### [Work item]
All of the data below should be set down again verbatim, without any images.

:: Input ::

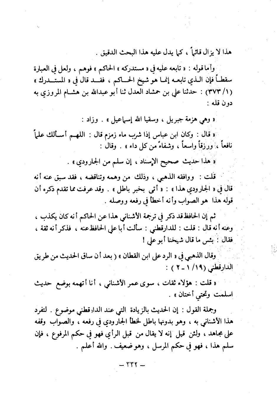 وأما قوله: " تابعه عليه فى " مستدركه " الحاكم " فوهم , ولعل فى العبارة سقطا فإن الذى تابعه إنما هو شيخ الحاكم , فقد قال فى " المستدرك " (1/373) : حدثنا على بن حمشاد العدل حدثنا أبو عبد الله بن هشام المروزى به دون قله: " وهى هزمة جبريل , وسقيا الله إسماعيل ". وزاد: " قال: وكان ابن عباس إذا شرب ماء زمزم قال: اللهم أسألك علما نافعا , ورزقا واسعا , وشفاء من كل داء ".
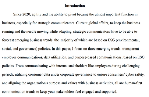 This is the trends and ideas assignment for PRAD 564 - Business Skills for Strategic Communicators class. As aspiring communicators, we are tasked to identify the top trends in business and society for corporate leadership members. I focused on three upcoming trends in communications: transparent employee communications, consumer data utilization, and purpose-based communication.
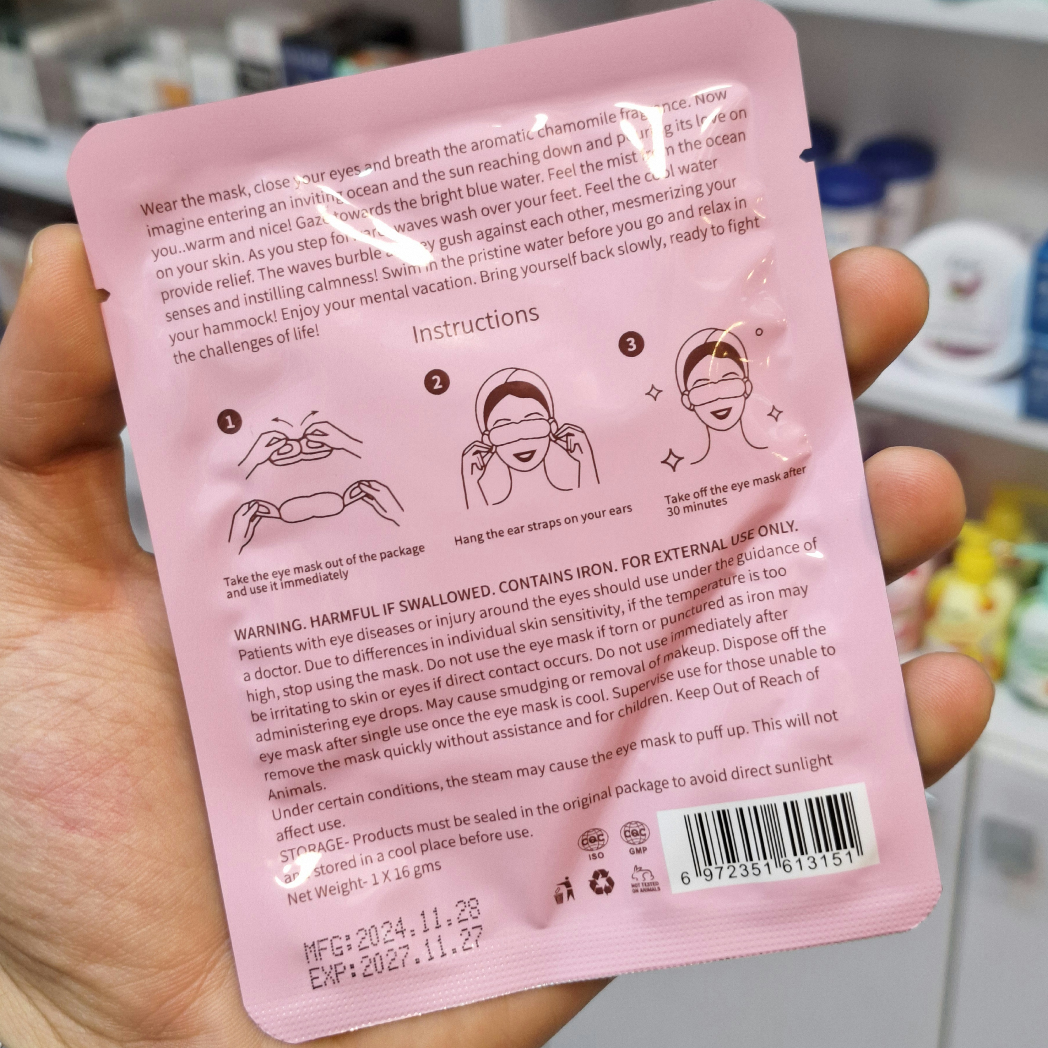 اگه روزانه استفاده زیادی از گوشی و لپ تاپ داری این ماسک رو بهت پیشنهاد میکنم.این ماسک چشمِ حرارتی و یکبار مصرف طراحیشده برای استفاده آسان و سریع، بدون نیاز به برق یا شارژپس از باز شدن بستهبندی، واکنش شیمیایی داخلی سبب تولید گرمای ملایم حدود ۴۰ درجه میشود که طی ۱۵ تا ۲۰ دقیقه ادامه دارد.
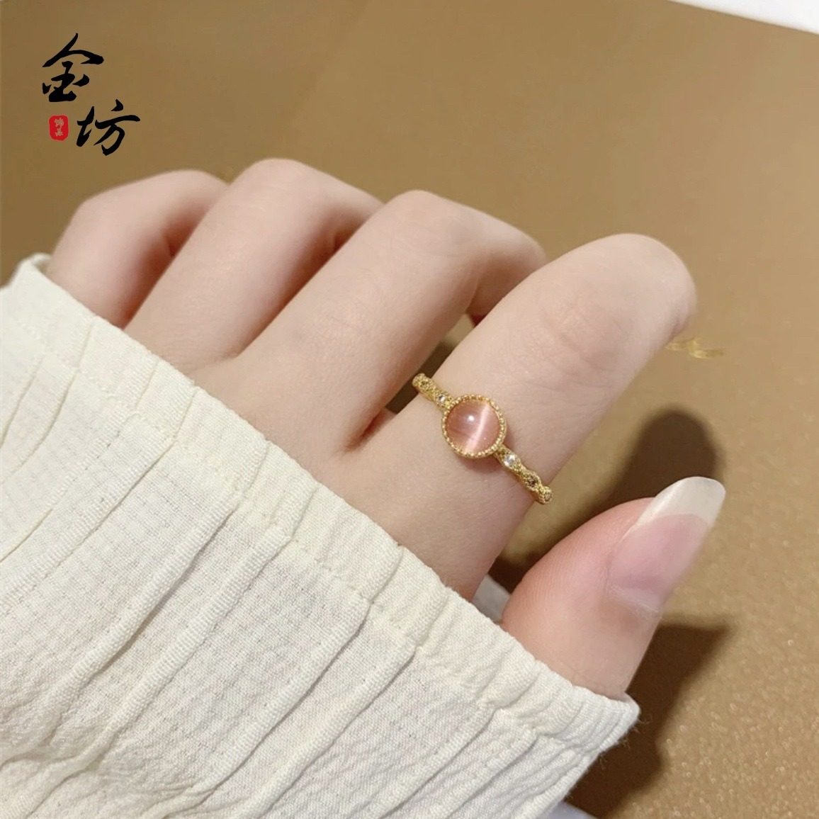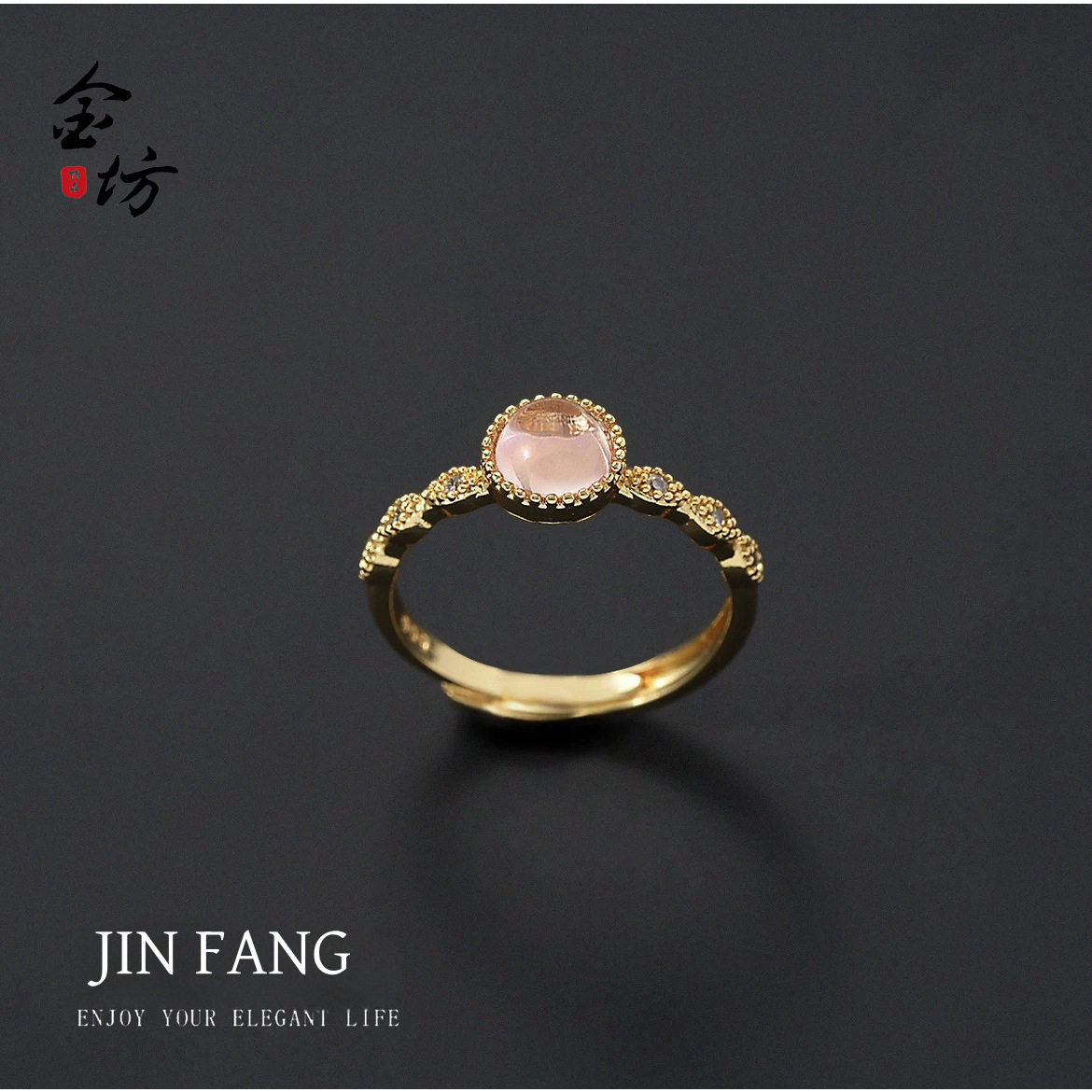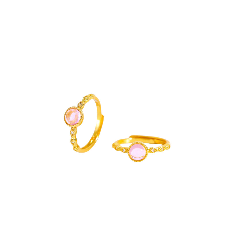 越南沙金亮金仲夏夜之梦香芋粉色古法镶钻戒指开口可调节轻奢女
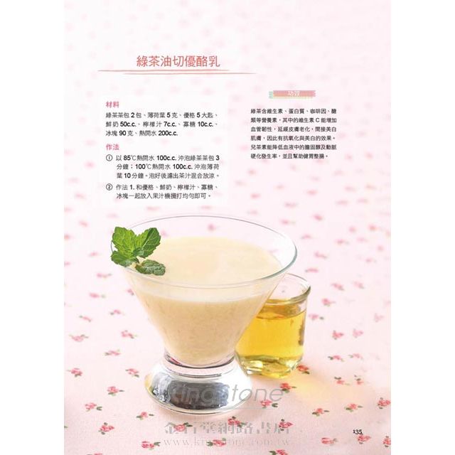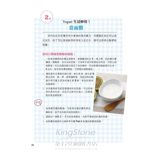 最近開始掀起了一股優酪乳保健養生的熱潮,市售優酪乳的品牌與口味也愈來愈多,有些還標榜低脂、無香料、無色素等,但難免讓人對食品添加物產生莫大的疑慮。如果想要喝到100%純天然、零負擔的優酪乳,就需要自己DIY。本書以圖解示範最簡單的優酪乳製作方式,並精心設計了一週七天排便力UP優酪乳食譜組合和優酪乳飲品。除此之外,詳列了你意想不到的優酪乳生活妙用,讓你自己在家也可以動手做面膜、去角質霜、護髮乳……。所有你想知道有關優酪乳的Q&A,也都一一解答,是喜愛優酪乳的你,養生保健最實用的選擇!
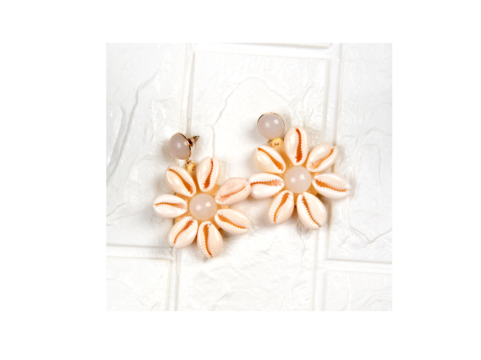 Κρεμαστά σκουλαρίκια σε σχήμα μαργαρίτας από κοχύλια και πέτρα.
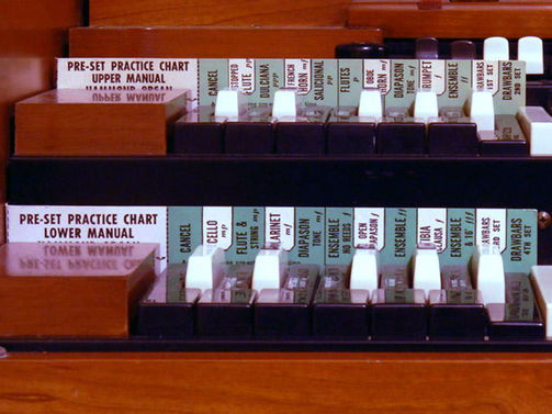 De preset toetsen worden als volgt gebruikt: de B is voor de linkerset drawbars van het betreffende manuaal, de Bes is voor de rechterset drawbars van het betreffende manuaal. De rest van de presettoetsen ligt vast. Deze zijn overigens wel te wijzigen. Daartoe moet het orgel aan de achterkant worden opengemaakt. Aan de linkerkant van het orgel zitten de presetrails waar draden met behulp van schoefjes op bepaalde punten kunnen worden vastgezet.
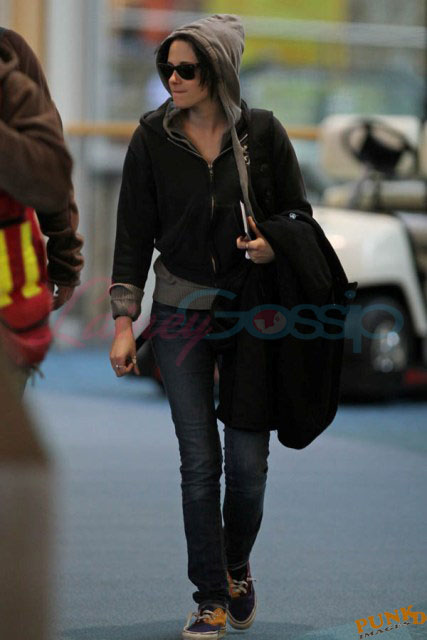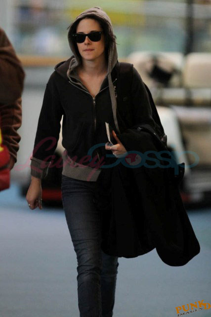 OK! Magazine just posted some bullsh-t article about tension between the two young stars about a supposed split even though they also said they’d moved in together just last week. The magazine noted that Stewart and Pattinson left in separate cars together after work last night/this morning and couldn’t stand to be around each other at the airport upon departure this afternoon, travelling once again in two different vehicles.
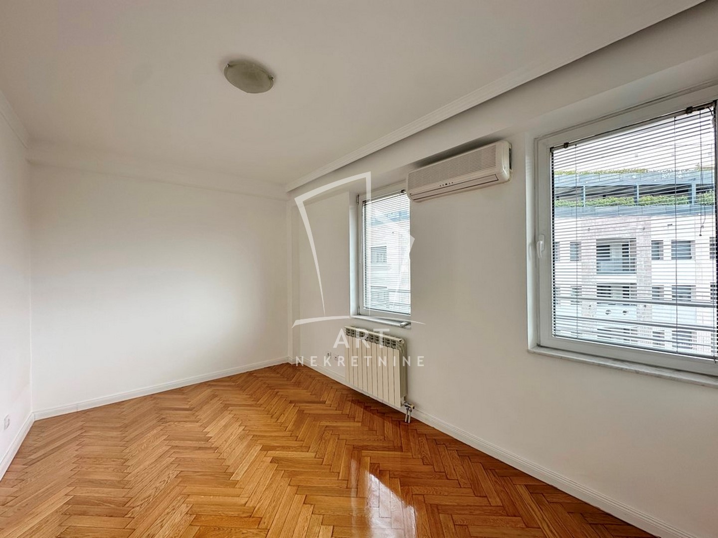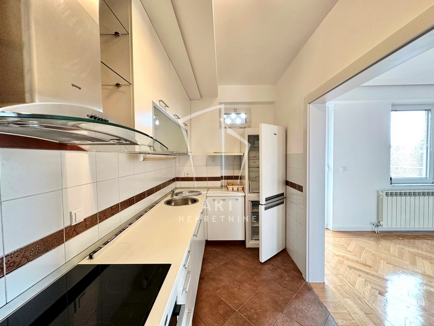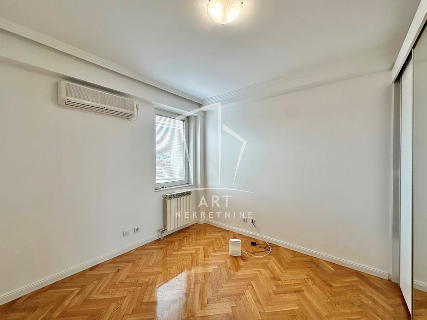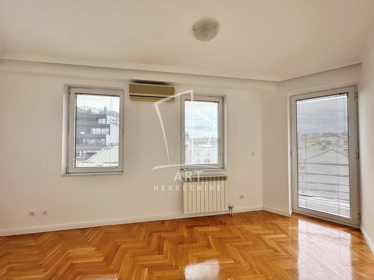 Izdaje se odličan stan u Nebojšinoj ulici.Sam na spratu ,četvrtom a zgrada ima V spratova.Svetao, dvostrano orijentisan.Spavaći blok odvojen sa zasebnim kupatilom za gospodarsku sobu. Veliki dnevni boravak salonskog tipa,kuhinja. Ima tri mokra čvora.Nema buke. Nenamešten.Ima svoju garažu za mali auto. Obavezan depozit.

:::

### [Response]
 وأما قوله: " تابعه عليه فى " مستدركه " الحاكم " فوهم , ولعل فى العبارة سقطا فإن الذى تابعه إنما هو شيخ الحاكم , فقد قال فى " المستدرك " (1/373) : حدثنا على بن حمشاد العدل حدثنا أبو عبد الله بن هشام المروزى به دون قله: " وهى هزمة جبريل , وسقيا الله إسماعيل ". وزاد: " قال: وكان ابن عباس إذا شرب ماء زمزم قال: اللهم أسألك علما نافعا , ورزقا واسعا , وشفاء من كل داء ".
 This is the trends and ideas assignment for PRAD 564 - Business Skills for Strategic Communicators class. As aspiring communicators, we are tasked to identify the top trends in business and society for corporate leadership members. I focused on three upcoming trends in communications: transparent employee communications, consumer data utilization, and purpose-based communication.
 اگه روزانه استفاده زیادی از گوشی و لپ تاپ داری این ماسک رو بهت پیشنهاد میکنم.این ماسک چشمِ حرارتی و یکبار مصرف طراحیشده برای استفاده آسان و سریع، بدون نیاز به برق یا شارژپس از باز شدن بستهبندی، واکنش شیمیایی داخلی سبب تولید گرمای ملایم حدود ۴۰ درجه میشود که طی ۱۵ تا ۲۰ دقیقه ادامه دارد.
 越南沙金亮金仲夏夜之梦香芋粉色古法镶钻戒指开口可调节轻奢女
 最近開始掀起了一股優酪乳保健養生的熱潮,市售優酪乳的品牌與口味也愈來愈多,有些還標榜低脂、無香料、無色素等,但難免讓人對食品添加物產生莫大的疑慮。如果想要喝到100%純天然、零負擔的優酪乳,就需要自己DIY。本書以圖解示範最簡單的優酪乳製作方式,並精心設計了一週七天排便力UP優酪乳食譜組合和優酪乳飲品。除此之外,詳列了你意想不到的優酪乳生活妙用,讓你自己在家也可以動手做面膜、去角質霜、護髮乳……。所有你想知道有關優酪乳的Q&A,也都一一解答,是喜愛優酪乳的你,養生保健最實用的選擇!
 Κρεμαστά σκουλαρίκια σε σχήμα μαργαρίτας από κοχύλια και πέτρα.
 De preset toetsen worden als volgt gebruikt: de B is voor de linkerset drawbars van het betreffende manuaal, de Bes is voor de rechterset drawbars van het betreffende manuaal. De rest van de presettoetsen ligt vast. Deze zijn overigens wel te wijzigen. Daartoe moet het orgel aan de achterkant worden opengemaakt. Aan de linkerkant van het orgel zitten de presetrails waar draden met behulp van schoefjes op bepaalde punten kunnen worden vastgezet.
 OK! Magazine just posted some bullsh-t article about tension between the two young stars about a supposed split even though they also said they’d moved in together just last week. The magazine noted that Stewart and Pattinson left in separate cars together after work last night/this morning and couldn’t stand to be around each other at the airport upon departure this afternoon, travelling once again in two different vehicles.
 Izdaje se odličan stan u Nebojšinoj ulici.Sam na spratu ,četvrtom a zgrada ima V spratova.Svetao, dvostrano orijentisan.Spavaći blok odvojen sa zasebnim kupatilom za gospodarsku sobu. Veliki dnevni boravak salonskog tipa,kuhinja. Ima tri mokra čvora.Nema buke. Nenamešten.Ima svoju garažu za mali auto. Obavezan depozit.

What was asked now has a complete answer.